Improved Cognitive Vigilance Assessment after Artifact Reduction with Wavelet Independent Component Analysis.

机构信息

Biomedical Engineering Graduate Program, College of Engineering, American University of Sharjah, Sharjah P.O. Box 26666, United Arab Emirates.

Department of Electrical Engineering, College of Engineering, American University of Sharjah, Sharjah P.O. Box 26666, United Arab Emirates.

出版信息

Sensors (Basel). 2022 Apr 15;22(8):3051. doi: 10.3390/s22083051.

DOI:10.3390/s22083051
PMID:35459033
原文链接:https://pmc.ncbi.nlm.nih.gov/articles/PMC9033092/
Abstract

Vigilance level assessment is of prime importance to avoid life-threatening human error.
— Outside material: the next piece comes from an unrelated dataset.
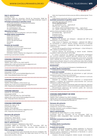 WWW.GHIDULPRIMARIILOR.RO JUDE%u021aUL TELEORMAN / 671Sate %u00een administra%u021bie:Cr%u00e2ngu, SecaraSuprafa%u021ba:%u00a0 3762 ha; Intravilan:%u00a0 234,32 ha; Extravilan:%u00a0 3528 ha; Popula%u021bia:%u00a01458; Gospod%u0103rii:%u00a0665; Locuin%u021be:%u00a0935; Gr%u0103dini%u021be:%u00a01; %u0218coli:%u00a01; Activitati economice si specifice zonei:Cultivarea cerealelor %u0219i cre%u0219terea animalelorFirme reprezentative:SC.CAPATINA COMPANY SRL SC. AGRODANLIV SRLIF DAN GABRIELA MONICA%u00a0Obiective turistice:M%u0103n%u0103stirea Sf%u00e2ntul Galaction, comuna Cr%u00e2nguFacilit%u00e3%u0163i oferite investitorilor:Re%u021bea ap%u0103 potabil%u0103Dispensar umanDispensar veterinarCentru de permanen%u021b%u0103FarmaciePo%u0219t%u0103Proiecte de investi%u0163ii:Extindere iluminat publicModernizare drumuri de interes localReabilitare re%u021bea de ap%u0103%u00cenfiin%u021bare canalizare%u00cenfiin%u021bare Centru Medical de diagnostic %u0219i imagistic%u0103%u00a0 pentru screening %u0219i preven%u021bie a bolilorCOMUNA CREVENICUCod po%u0219tal: 147105Telefon: 0247-450171; Fax: 0247-450171; Adresa de e-mail: primariacrevenicu@gmail.comprimariacrevenicu@yahoo.comCOMUNA DIDE%u015eTICod po%u0219tal: 147110Adresa de e-mail: primariadidesti@yahoo.comURL: https://didesti.teleorman.org/COMUNA DOBROTE%u015eTICod po%u0219tal: 147115Telefon: 0730-559555-s, 0722-514341-vp; Adresa de e-mail: primariadobrotesti@yahoo.comURL: http://comunadobrotesti.ro/COMUNA DRACEAAdres%u0103: str, Principala .nr. 375Cod po%u0219tal: 147101Telefon: 0347-807230; Fax: 0347-807230; Adresa de e-mail: primariadracea@yahoo.comURL: https://primaria-dracea.ro/COMUNA DR%u0102C%u015eENEIAdres%u0103: Str. G%u0103rii, nr. 18Cod po%u0219tal: 147120Telefon: 0723-287502; Adresa de e-mail: dracsenei_tr@yahoo.comURL: https://comdracseneitr.ro/Persoane din primarie:Primar:%u00a0 Marin%u00a0Popescu%u00a0Viceprimar:%u00a0 Nelu%u0163 StroeSecretar General:%u00a0 Florian%u00a0%u00a0Calot%u0103%u00a0Contabil: Nicoleta%u00a0P%u0103duraru%u00a0Sate %u00een administra%u021bie:Dr%u0103c%u015fenei, Dr%u0103c%u015fani, Odobeasca, Satu VechiSuprafa%u021ba:%u00a0 3808 ha; Intravilan:%u00a0 170 ha; Extravilan:%u00a0 3371 ha; Popula%u021bia:%u00a0 1550; Gospod%u0103rii:%u00a0 1334; Locuin%u021be:%u00a0 1295; Gr%u0103dini%u021be:%u00a0 2; %u0218coli:%u00a01; Cum se ajunge in localitate:Comuna Dr%u0103c%u015fenei este tranzitat%u0103 de Drumul Jude%u021bean 612. Cel mai apropiat ora%u015f, Ro%u015fiori de Vede este situat la 17 km, iar Alexandria se afl%u0103 la 45 km.Cele mai importante c%u0103i de acces se afl%u0103 la o distan%u0163%u0103 de: 17 km DN, 1 km Calea ferat%u0103 industrial%u0103, 123 km autostrada, 61 km Port.Activitati economice si specifice zonei:Activit%u0103%u021bi agricole %u0219i de comer%u021bFirme reprezentative:S.C. AGROANCA S.R.L. %u2013 agricultur%u0103PRUTUL SA %u2013 agricultur%u0103S.C. MEDIA GRUP INTERNATIONAL S.R.L. %u2013 agricultur%u0103S.C. UNITE FOREVER GRUP S.R.L. %u2013 fabricarea preparatelor pentru hrana animalelor de ferm%u0103EFTIMIADI SRL %u2013 agricultur%u0103Produse locale: Produse agricole%u00a0Obiective turistice:Biserica %u201cSf. Nicolae%u201d, sat Dr%u0103c%u015fani %u2013 dateaz%u0103 din 1871 %u015fi se localizeaz%u0103 %u00een centrul satuluiCasa Anton R. Popescu, sat Dr%u0103c%u015fani %u2013 dateaz%u0103 din 1895 %u015fi se localizeaz%u0103 %u00een centrul satului; %u015ecoala %u201cEleonora %u015fi Nicolae Vladoianu%u201d, sat Dr%u0103c%u015fani %u2013 dateaz%u0103 din 1894 %u015fi se localizeaz%u0103 %u00een centrul satuluiMuzeul de etnografie %u015fi folclor sat Dr%u0103c%u015fani %u2013 a fost %u00eenfiin%u021bat %u00een 1971, av%u00e2nd ca profil istoria local%u0103Expune obiecte de etnografie %u0219i istorie local%u0103. Cl%u0103direa muzeului a fost construit%u0103 %u00een anul 1926. %u00cen cadrul muzeului se reg%u0103sesc: descoperirile arheologice din comuna Dr%u0103c%u0219ani, obiecte agricole, obiecte de uz casnic, diverse tablouri %u0219i icoane, costume populare, arme vechi, monede vechi, obiecte de uz casnic. %u00cen curtea muzeului se g%u0103se%u0219te %u0219i Monumentul Eroilor c%u0103zu%u021bi %u00een urma conflictului celui De-al Doilea R%u0103zboi Mondial. Pe corpul monumentului se eviden%u021biaz%u0103 numele tuturor eroilor.Evenimente:24 Iunie %u2013 Ziua Comunei Dr%u0103c%u0219enei %u0219i Sarb%u0103toarea IeiFacilit%u00e3%u0163i oferite investitorilor:Impozite %u0219i taxe locale reduse %u0219i sprijin din partea prim%u0103rieiProiecte de investi%u0163ii:Extindere sistem centralizat de alimentare cu ap%u0103 comuna Dr%u0103c%u0219enei jude%u021bul Teleorman %u0219i bran%u0219areConstruire centru de colectare prin aport voluntar %u00een comuna Dr%u0103c%u0219enei, jude%u021bul TeleormanDotarea cu mobilier, material didactice %u0219i echipamente digitale a unit%u0103%u021bilor de %u00eenv%u0103%u021b%u0103m%u00e2nt preuniversitar din comuna Dr%u0103c%u0219enei, jude%u021bul Teleorman%u00cenfiin%u021bare de sistemele individuale adecvate (SIA) de colectare %u0219i epurare a apelor uzate %u00een comuna Dr%u0103c%u0219enei, jude%u021bul TeleormanEficientizarea sistemului de iluminat public din Comuna Dr%u0103c%u0219enei, jude%u021bul TeleormanCOMUNA DR%u0102G%u0102NE%u015eTI DE VEDECod po%u0219tal: 147130Telefon: 0347-404840; Fax: 0347-404840; Adresa de e-mail: primariadraganestidevede@yahoo.comURL: http://primariadraganestidevede.ro/Persoane din primarie:Primar: Marius%u00a0StanciuViceprimar: Cornel Florin SlujitoruSecretar General: Laura Loredana%u00a0StegaruContabil: ExternalizatSate %u00een administra%u021bie:Dr%u0103g%u0103ne%u015fti de Vede, M%u0103gura cu Liliac, V%u0103c%u0103re%u015ftiSuprafa%u021ba:%u00a0 3149 ha; Intravilan:%u00a0 112 ha; Extravilan:%u00a0 3037 ha; Popula%u021bia:%u00a0 2323; Gospod%u0103rii:%u00a0 860; Locuin%u021be:%u00a0 900; Gr%u0103dini%u021be:%u00a0 2; %u0218coli:%u00a03; Activitati economice si specifice zonei:Agricultur%u0103 Comer%u0163

Critical working environments such as air traffic control, driving, or military surveillance require the operator to be alert the whole time. The electroencephalogram (EEG) is a very common modality that can be used in assessing vigilance. Unfortunately, EEG signals are prone to artifacts due to eye movement, muscle contraction, and electrical noise. Mitigating these artifacts is important for an accurate vigilance level assessment. Independent Component Analysis (ICA) is an effective method and has been extensively used in the suppression of EEG artifacts. However, in vigilance assessment applications, it was found to suffer from leakage of the cerebral activity into artifacts. In this work, we show that the wavelet ICA (wICA) method provides an alternative for artifact reduction, leading to improved vigilance level assessment results. We conducted an experiment in nine human subjects to induce two vigilance states, alert and vigilance decrement, while performing a Stroop Color-Word Test for approximately 45 min. We then compared the performance of the ICA and wICA preprocessing methods using five classifiers. Our classification results showed that in terms of features extraction, the wICA method outperformed the existing ICA method. In the delta, theta, and alpha bands, we obtained a mean classification accuracy of 84.66% using the ICA method, whereas the mean accuracy using the wICA methodwas 96.9%. However, no significant improvement was observed in the beta band. In addition, we compared the topographical map to show the changes in power spectral density across the brain regions for the two vigilance states. The proposed method showed that the frontal and central regions were most sensitive to vigilance decrement. However, in this application, the proposed wICA shows a marginal improvement compared to the Fast-ICA.

摘要

警觉水平评估对于避免危及生命的人为错误至关重要。航空管制、驾驶或军事监视等关键工作环境要求操作员保持警觉。脑电图(EEG)是一种非常常见的评估警觉水平的模态。不幸的是,由于眼球运动、肌肉收缩和电噪声,EEG 信号容易受到伪影的影响。减轻这些伪影对于准确的警觉水平评估很重要。独立成分分析(ICA)是一种有效的方法,已广泛应用于 EEG 伪影的抑制。然而,在警觉评估应用中,发现它容易受到大脑活动泄露到伪影中的影响。在这项工作中,我们表明,小波独立成分分析(wICA)方法为减少伪影提供了一种替代方法,从而改善了警觉水平评估结果。我们在九名人类受试者中进行了一项实验,在大约 45 分钟的时间内,通过执行 Stroop 颜色-单词测试来诱发两种警觉状态,警觉和警觉下降。然后,我们使用五种分类器比较了 ICA 和 wICA 预处理方法的性能。我们的分类结果表明,在特征提取方面,wICA 方法优于现有的 ICA 方法。在 delta、theta 和 alpha 波段,我们使用 ICA 方法获得了 84.66%的平均分类准确率,而使用 wICA 方法的平均准确率为 96.9%。然而,在 beta 波段没有观察到显著的改善。此外,我们比较了地形图,以显示两种警觉状态下大脑区域的功率谱密度变化。该方法表明,额叶和中央区域对警觉下降最敏感。然而,在这种应用中,与 Fast-ICA 相比,所提出的 wICA 仅显示出略有改善。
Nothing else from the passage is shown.